▶ _DATASET SECTION_
*** Block opens ***
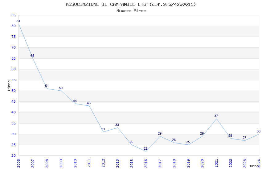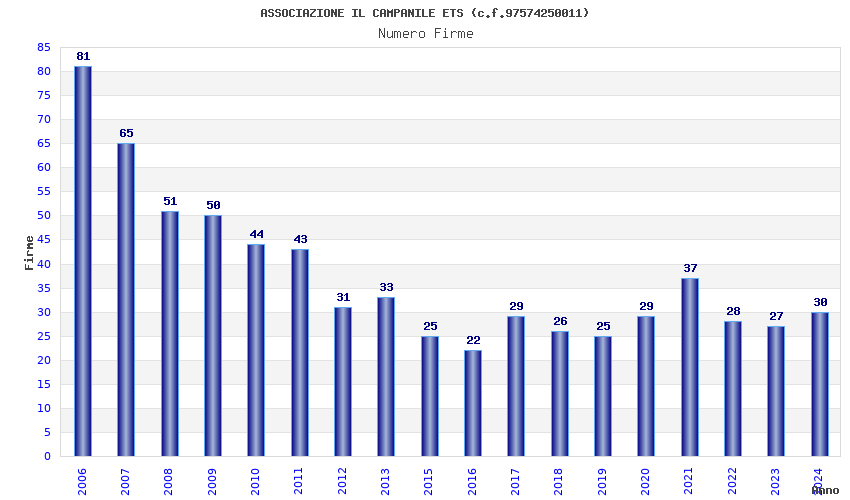 | Anno | Firme | Importi | Media | Naz. | Reg. | Prov. | Comu. |
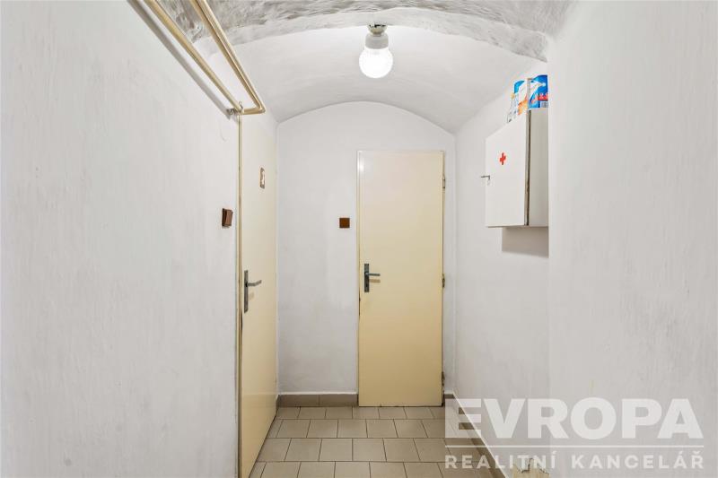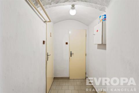 V přízemí se nachází vstupní chodba (7,7 m2) s dominantním schodištěm, kuchyně s jídelnou (12,7 m2) průchozí do obývacího pokoje (23,2 m2), koupelna (4,2 m2), ložnice (13,1 m2), samostatná toaleta, spíž (3,05 m2) a veliký sklep s klenutými stropy (16,4 m2).
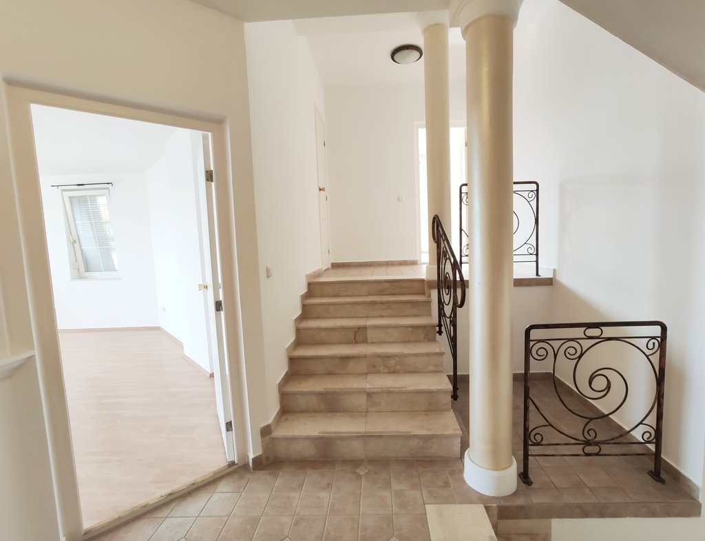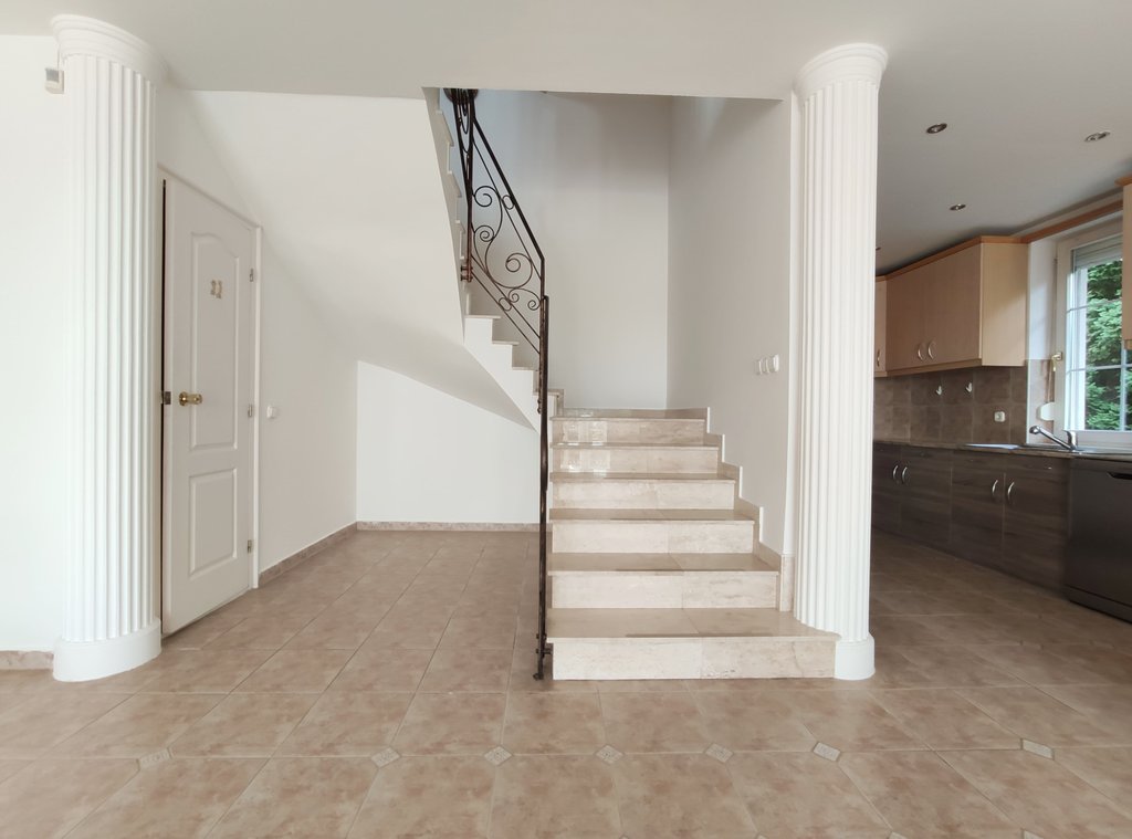 Belső kétszintes lakás kiadó 3 lakásos társasházban, Tetvérhegyen. A csodálatos panorámával rendelkező ingatlan a III. kerület csendes, tiszta levegőjű hegyvidéki részén helyezkedik el. A 280-an négyzetméteres, bútorozatlan ingatlan alsó szintjén található a tágas, napfényes amerikai konyhás nappali kertkapcsolatos terasszal, két hálószoba terasszal, mosókonyha, kamra, vendégmosdó és a kétállásos garázs. A felső szinten található további két hálószoba, szintén nagyméretű terasszal, valamint a zuhanyzóval és sarokkáddal rendelkező hatalmas fürdőszoba is. Az ingatlan főbejárata a felsőbb szinten található. A Hármashatárhegy közelsége miatt az ingatlan kifejezetten ideális a természet kedvelői számára. A British School pár perc autóútnyira található.
*** Block closes ***
Repeat the material above in full and exactly, apart from the pictures.

 | Anno | Firme | Importi | Media | Naz. | Reg. | Prov. | Comu. |
 V přízemí se nachází vstupní chodba (7,7 m2) s dominantním schodištěm, kuchyně s jídelnou (12,7 m2) průchozí do obývacího pokoje (23,2 m2), koupelna (4,2 m2), ložnice (13,1 m2), samostatná toaleta, spíž (3,05 m2) a veliký sklep s klenutými stropy (16,4 m2).
 Belső kétszintes lakás kiadó 3 lakásos társasházban, Tetvérhegyen. A csodálatos panorámával rendelkező ingatlan a III. kerület csendes, tiszta levegőjű hegyvidéki részén helyezkedik el. A 280-an négyzetméteres, bútorozatlan ingatlan alsó szintjén található a tágas, napfényes amerikai konyhás nappali kertkapcsolatos terasszal, két hálószoba terasszal, mosókonyha, kamra, vendégmosdó és a kétállásos garázs. A felső szinten található további két hálószoba, szintén nagyméretű terasszal, valamint a zuhanyzóval és sarokkáddal rendelkező hatalmas fürdőszoba is. Az ingatlan főbejárata a felsőbb szinten található. A Hármashatárhegy közelsége miatt az ingatlan kifejezetten ideális a természet kedvelői számára. A British School pár perc autóútnyira található.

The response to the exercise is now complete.